With the mention of those facts, Spencer suspected what must have taken place and how it was carried off. “It’s a long story, sir, but Alex and I are obviously
married and that is my son.”
“Then why the unforgivable act upon your arrival?”
“I need to talk with her first and settle some matters. Briefly, Alex met and fell in love with Captain Joshua Steele. She was travelling under the disguise of Angelique DuBois when I met her. We fell in love and sort of lost our heads for a time. Evidently Henry took matters into his own hands when he discovered her condition and married us by proxy. Rest assured we are very much in love, sir. As you can tell from her reaction, she learned my true identity at the same moment I learned hers. I had no idea my Angelique was Lady Hampton, nor did she have any inkling Steele was Spencer Farrington. In view of how we met, you can see why we never exchanged accurate names,” he related the facts to the astounded man beside him. “If I had known sooner, I would have married her without Henry’s assistance. Evidently Henry didn’t tell her Steele and Farrington were the same man.”
It was clear to him now that the message on the petticoat which had created their misunderstanding was being passed between Henry and Charles. Spence dreaded to recall his treatment of her during their encounters. “I haven’t been ashore in months. The fighting at sea has been heavy. I was coming to see Will once more before I attempted to barrel through the British blockade. I had no idea what went on there after I left. Alex must have told Henry who the father was. Since he knew me so well, he took matters into his
own hands. Thank goodness he did. If you don’t mind, sir, I’d like to explain everything to Alex in private. She’s also in for a big shock or two.” Would she despise and fear him? Would she demand a divorce?
“After which, you and I have some more talking to do.”
“In light of my conduct, I hope you don’t mind having me for a son-in-law,” he hinted to test the slightly calmed Charles’s feelings.
“Not if you truly love Alex and the baby,” he fenced.
“More than I thought possible, sir.
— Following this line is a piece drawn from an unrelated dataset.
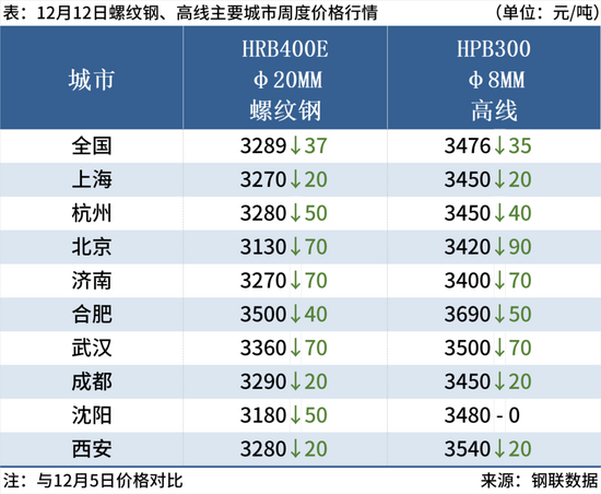 截至12月12日,全国主要城市20mm三级抗震螺纹钢均价3289元/吨,周环比下跌37元/吨;8.0mmHPB300高线均价3476元/吨,周环比下跌35元/吨。

Naturally with these new responsibilities, Steele will have to retire.”
Charles smiled. “I fully agree. Too bad. Henry says your services have been invaluable.” He patted Spencer’s shoulder and left.
Spencer tenderly caressed Alex’s cheek and lovingly ran his fingers through her silky hair. At last, his agony and search were over; she legally belonged to him, and he would never free her. He chuckled as he realized he had been the wealthy man whom she had planned to marry. How would she feel about him once the truth was out? “Alex,” he called her name, shaking her gently, wondering at Henry’s silence at their last meeting, that same fateful day. Clearly she was no spy! Would she ever forgive him for their troubled past?
She moaned and moved. Her lids fluttered and opened. In panic, she stared at him. “What are you doing here, Stephen? You’ll ruin everything! What must Papa be thinking now? Whyever did you tell him
you’re Spencer Farrington and claim we aren’t married? I told you I was getting married! I did; I married Spencer that next day by proxy. Papa’s met Spencer several times, so you didn’t fool him! Why are you doing this to me?” she wailed sadly. “Why use that name?”